Health Secretary Hunt rightly apologised but then claimed that 135-270 lives may have been shortened by the screening recall failure. Medical negligence lawyers such as Leigh Day are licking their lips but – when the evidence is forensically dissected – it will be near impossible for any woman to prove that her life may have been shortened by the error. For a start, there is no current evidence that missing a single screen at age 68-70, at the end of a 20 year screening programme, will harm you. Hunt’s guess comes from the most optimistic estimate that 1 in 1400 women has an early death from breast cancer prevented per screen. Hunt and Public Health England (PHE) appear to have divided 450?000 by 1400 to get 321, then factored in the fact that 30% of women decide not to be screened so 225 lives may have been shortened, but make it a range (135-270) to make it clear it’s a guess and individual harm is hard to prove. However, given that the government has spent 30 years simplistically telling women that ‘screening saves lives’, it would be hard to perform a volte farce and argue that not screening doesn’t shorten lives, even if the evidence – particularly for older women – is lacking.

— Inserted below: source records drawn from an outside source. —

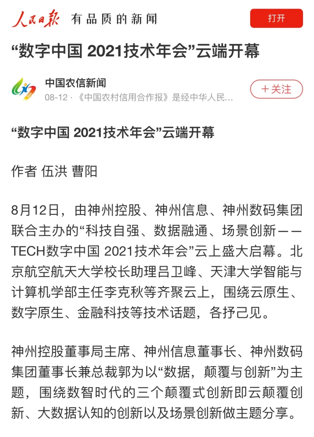 8月12日,由神州控股、神州信息、yabo.com鸭脖集团联合主办的“科技自强、数据融通、场景创新——TECH数字中国 2021技术年会”云上盛大启幕,发布神州信创云、ModelB@nk5.0、金融超脑Sm@rtFSB、云原生数字化安全底座、园区智能体等重磅产品,国内各大权威、影响力媒体多角度多频次对盛况进行报道!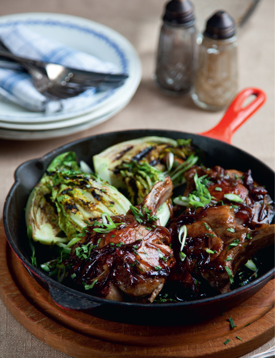 Serve the chops on warmed plates with the charred Baby Gem and scatter with spring onions and a little extra coriander.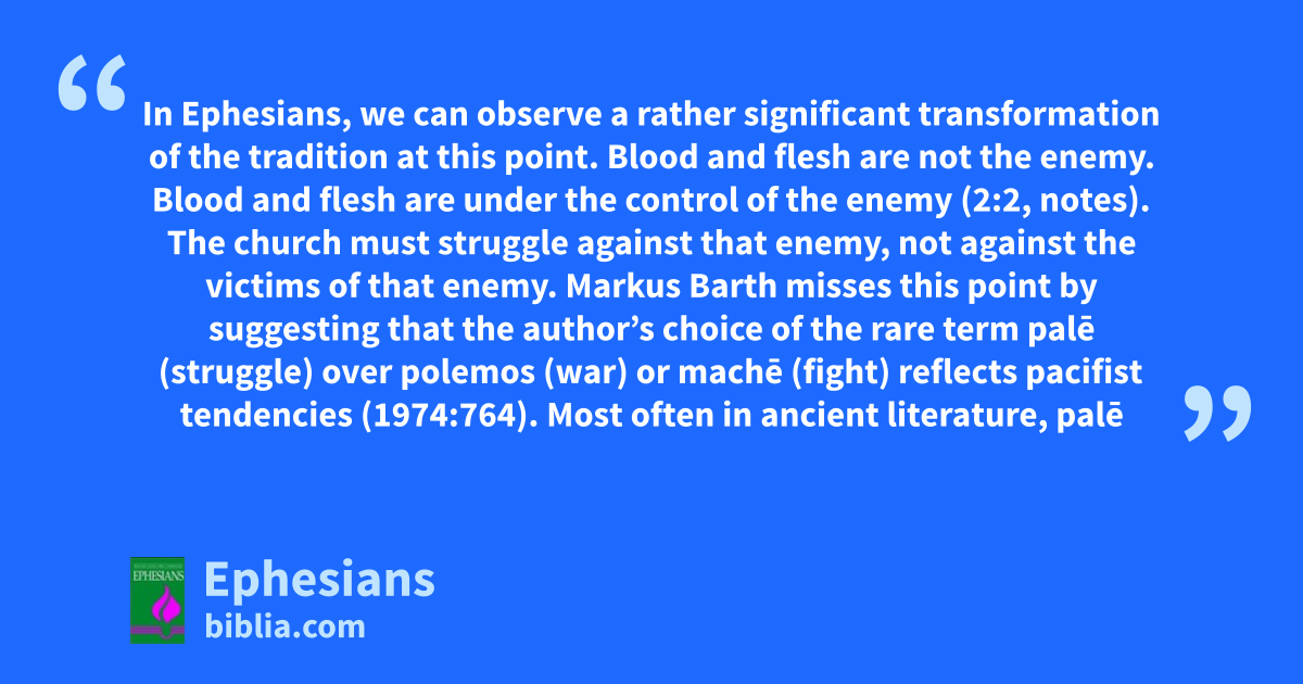 In Ephesians, we can observe a rather significant transformation of the tradition at this point. Blood and flesh are not the enemy. Blood and flesh are under the control of the enemy (2:2, notes). The church must struggle against that enemy, not against the victims of that enemy. Markus Barth misses this point by suggesting that the author’s choice of the rare term palē (struggle) over polemos (war) or machē (fight) reflects pacifist tendencies (1974:764). Most often in ancient literature, palē

The initial error may have been in computer programming, setting the wrong age parameter, but the fact that it wasn’t acted on for 9 years, despite some hospitals raising concerns, has led PHE and Hitachi to blame each other. 50,000 missing mammograms a year sounds a lot, but given there are 79 screening units in England, only a dozen women a week in the older age group were not being screened. The NHS has gone into full panic mode. The emergency phone line (0800 169 2692) had more than 8000 calls on its first day and PHE has promised to contact the 309?000 women they think are still alive by the end of May, with the aim of providing mammography to all who want it by the end of October. Breast screening units across the country may have to arrange thousands of additional appointments and many are already stretched to the safe limit due to staff shortages. This could be a recipe for more errors and more litigation. As the Nordic Cochrane website observes, the tremendous advances in breast cancer treatment make early diagnosis through screening less important to survival; ‘It no longer seems beneficial to attend for breast cancer screening.’ By opting out of screening, a woman will lower her risk of being labelled and treated for early breast cancer with no benefit to her quality of life, or life expectancy. Many women will still choose to be screened but for the 800 or so who would have been over-diagnosed, the NHS error may have been a blessing in disguise.